Dragoș has the care of many of these church clocks, a huge task in a region where the Saxon population largely abandoned their long-term homelands in the wake of the 1989 revolution. Communities that could once purchase a top-of-the-range Mannhardt ‘freischwinger’ clock from Munich (or similar) have disappeared, and the resources to maintain such wonderful devices are now scarce.

Climbing around dusty towers and getting ourselves magnificently filthy, we were delighted to discover something new to all of us. Indeed, even for our friends who are experts in Germanic turret clock horology, this was something perhaps heard of, but not witnessed.
In a handful of churches, Dragoș opened our eyes to hour-striking turret clocks, with a third train that did not strike the quarters but instead provided a warning of the impending hour.
In Germanic dialects, this train provides a ‘vorschlag’, or ‘weckschlag’, or perhaps most accurately ‘vorwarnschlag’, which we might translate as ‘forewarning alarm’. Prior to knowing the Germanic terminology, the British team landed upon ‘hour-signalling’ to describe the feature.
Just before the hour, this ‘hour signalling train’ is let off. By one of several different techniques it is designed to make a bell strike rapidly. An alarm call, effectively. The end of the alarm leads to the hour-striking train being let off, which will then sound on a much larger and deeper bell. The function is simple. ‘Pay attention everyone! We are about to sound the hour. Listen up so you count the correct number!’
There are variants in the way the alarm call is achieved. One type involves using two hammers to strike a fixed bell, while the other swings a smaller bell so that its clapper operates.
With the fixed bell type, one very clever arrangement involves just one pinwheel, which acts on a two-part lifting lever (e.g. at Roșia).
The first part of the lever to be lifted will begin to lift one hammer, but will also, with a small mechanical delay, lift the second part of the lever, which is connected to the other hammer.
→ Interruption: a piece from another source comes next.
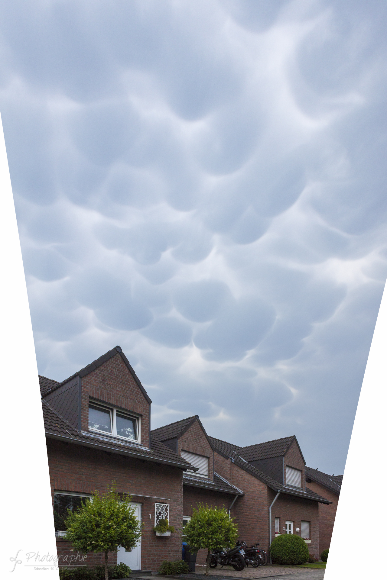 Am 9.6.2014 bildetet sich von den Niederlanden her kommend über NRW eine Gewittersuperzelle. Bevor diese Zelle über uns hereinbrach konnte man ein interessantes und in unseren Breiten sehr seltenes Schauspiel erleben. Es bildeten sich ca. 15-30 Minuten bevor das Zentrum der Superzelle auf uns traf, sogenannte Mammatus-Wolken aus. Diese können durch heiße konvektive Ströme (aufsteigende Wärmeströmung) am Rand des Eisschirms einer Gewitterformation entstehen und treten gewöhnlich eher in Äquatornähe auf. Das ganze wirkte ein bisschen wie beim Film Independence Day bevor die Mutterschiffe aus der Wolkenwand treten. Von dem eigentlichen Unwetter habe ich nur wenige Fotos, da es einfach zu heftig war und die Fenster voller Wassertropfen waren. Zu Beginn habe ich ein paar Videos gemacht und dann aus der Küche ein paar Blitze durchs Fenster fotografiert.

Since the two hammers have been lifted to different heights, when they are released they can strike the same bell (even the hour bell), but with successive blows.
With the swinging bell type, the arbor on which the bell is mounted can be swung to and fro by wires attached at the ends of a cross-piece fixed to the arbor.

The two hammers can be actuated by a double pinwheel with two sets of lifting pins acting on two lifting levers, one for each hammer (e.g. at Cincșor).

However, in a more elegant arrangement, the circular motion of a wheel is converted, via a crank and forked lever, to a reciprocating action, thus pulling the two wires successively to swing the small bell (e.g. at Șelimbăr). For a video, click here.


There may well be more variants. All of this was very new to us, and hugely interesting. There is clearly a strong tradition in the rural and agricultural Transylvanian Saxon region to signal to the population that the hour is coming.
The system is reminiscent of the idea employed in clocks from the Comptoise region of eastern France where the hour is struck twice, two minutes apart, to give the listener a chance to ‘hear again’ the hour, but the Transylvanian ‘hour signalling’ surely provides a clearer message.
It’s about time we learned a bit more about such a sensible tradition.